The environment is constructed under `Python 3.10`.

- Run the container for Development

    ```bash
    make build
    make run
    --- in container ---
    cd /app
    pip3 install -e .
    ```

## Download Starter Kit (Datasets, Pre-trained Models, etc.)
Please download the [starter kit (GDrive, 952 MB)](https://drive.google.com/file/d/1og3l0enR67rDwiAN44K4RchcFYAgsbNq/view) and unzip it:
```bash
unzip ./layout_corrector_starter_kit.zip
```
For more details about the starter kit, please refer to the README.md file included in the zip.
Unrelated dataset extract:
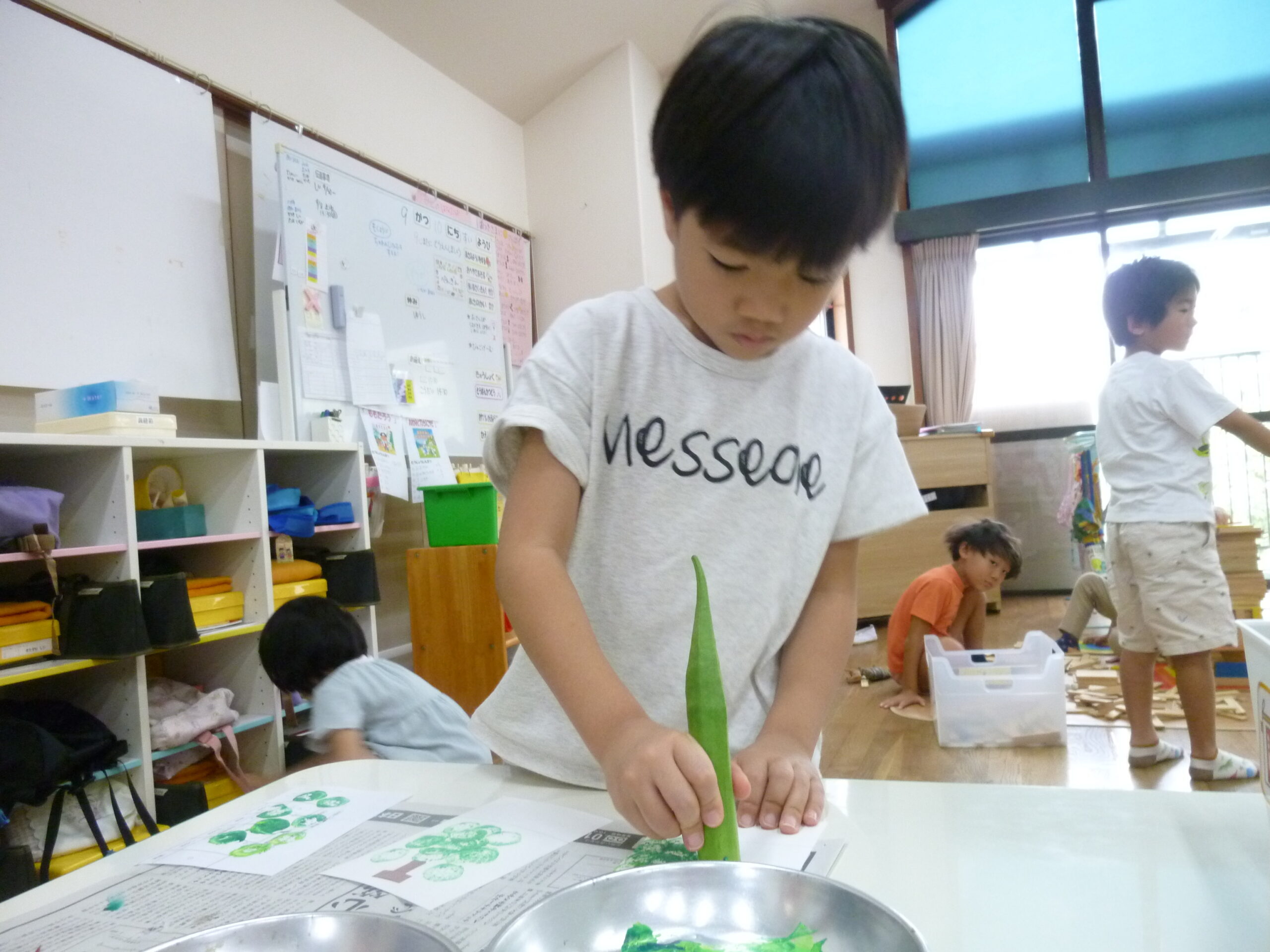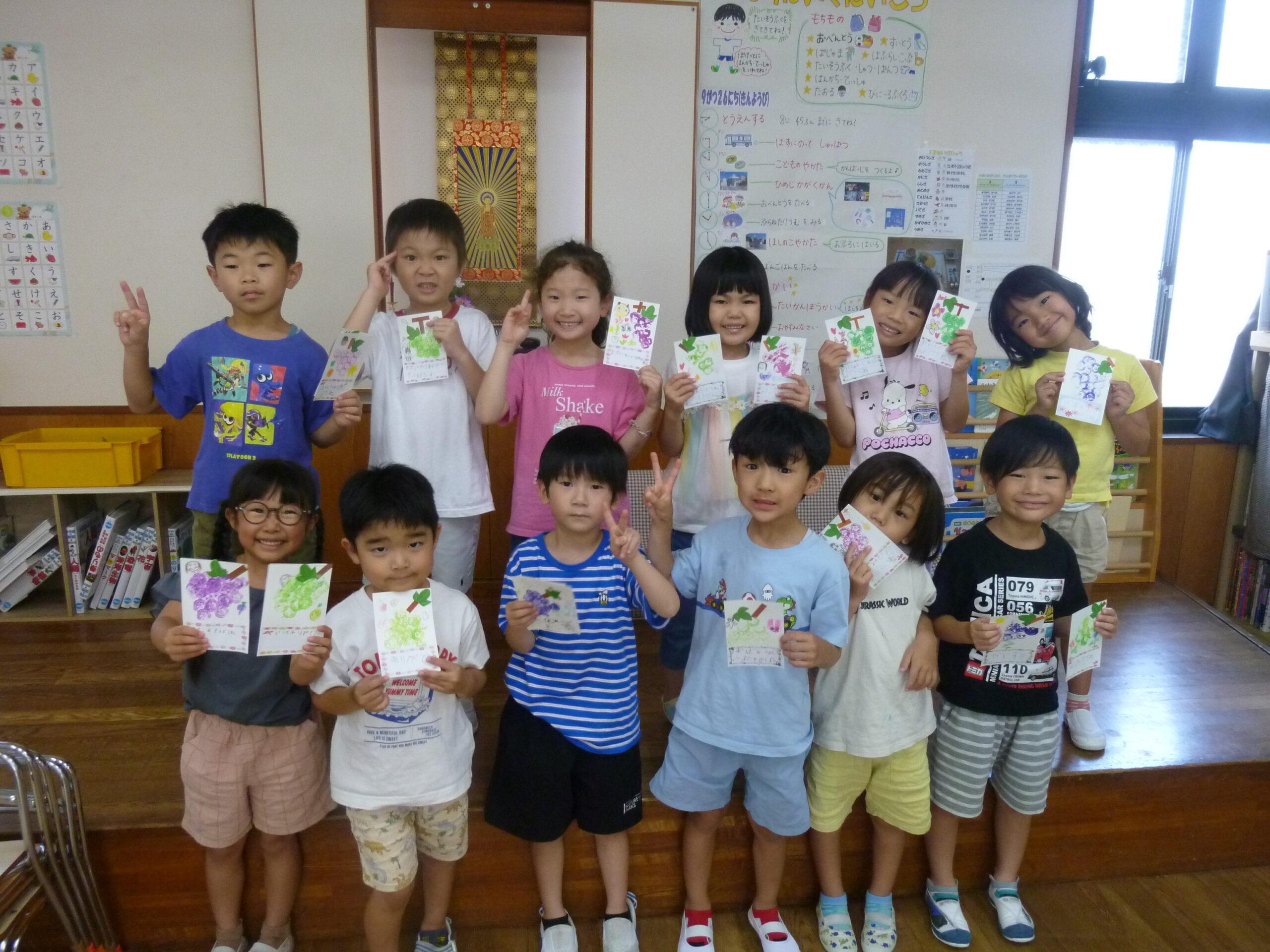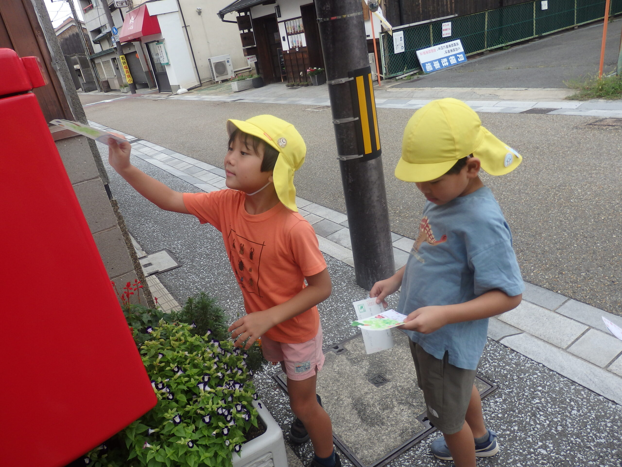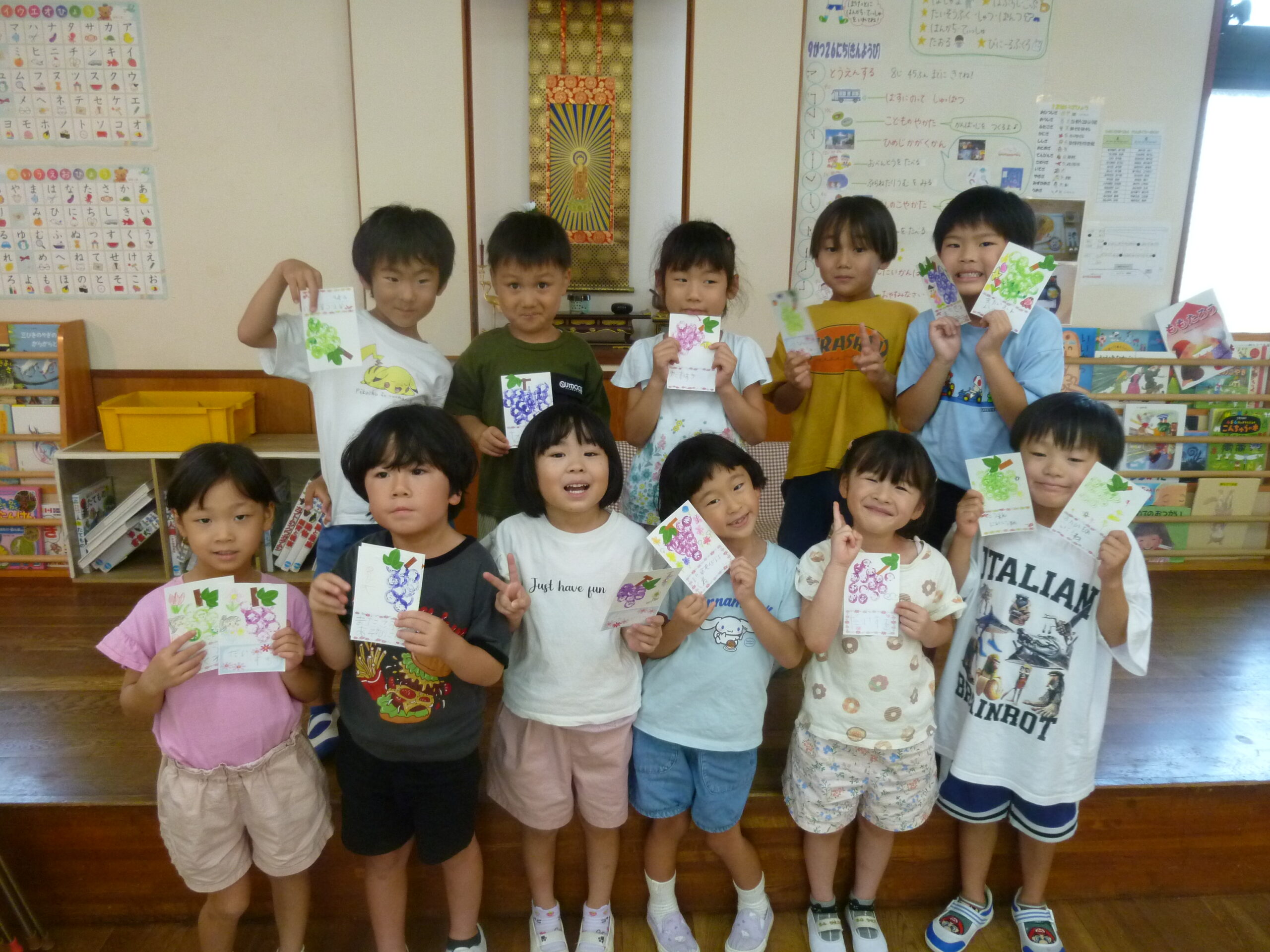 敬老の日にちなみ、おじいちゃん、おばあちゃんにハガキを作りました。自分たちで収穫したオクラをスタンプして、ぶどうを作りメッセージを書きました!完成すると、ポストに投函しに行き、「喜んでくれるかなー?」とワクワクした様子でした★

### [Optional] Custom Dataset
PubLayNet, Rico, and Crello datasets are included in our starter kit.
For custom datasets, see [docs/custom_dataset.md](./docs/custom_dataset.md)

</details>

---


# Training

<details>
<summary>Training details</summary>

### LayoutDM, VQDiffusion, MaskGIT
```bash
bash bin/train.sh <DATASET> <EXPERIMENT_NAME> <ADDITIONAL_ARGS>
```

For example, 
```bash
bash bin/train.sh rico25 layoutdm seed=0,1,2
```

### Layout-Corrector
```bash
bash bin/corrector_train.sh <DATASET> <EXPERIMENT_NAME> <DIFFUSION_JOB_DIR> <ADDITIONAL_ARGS>
```
- `<EXPERIMENT_NAME>`: Filename of .yaml file in `src/trainer/trainer/config/experiment`.
- `<DIFFUSION_JOB_DIR>`: Job directory of pre-trained diffusion model (e.g., LayoutDM)
- `<ADDITIONAL_ARGS>`: Optional (e.g., `seed=0,1,2`)

For example, 
```bash
bash bin/corrector_train.sh rico25 layout_corrector download/pretrained_weights/rico25/layoutdm seed=0,1,2 training.epochs=20
```

</details>


---


# Testing

<details>
<summary>Testing details</summary>

You can try a quick demo using `notebooks/demo.ipynb`.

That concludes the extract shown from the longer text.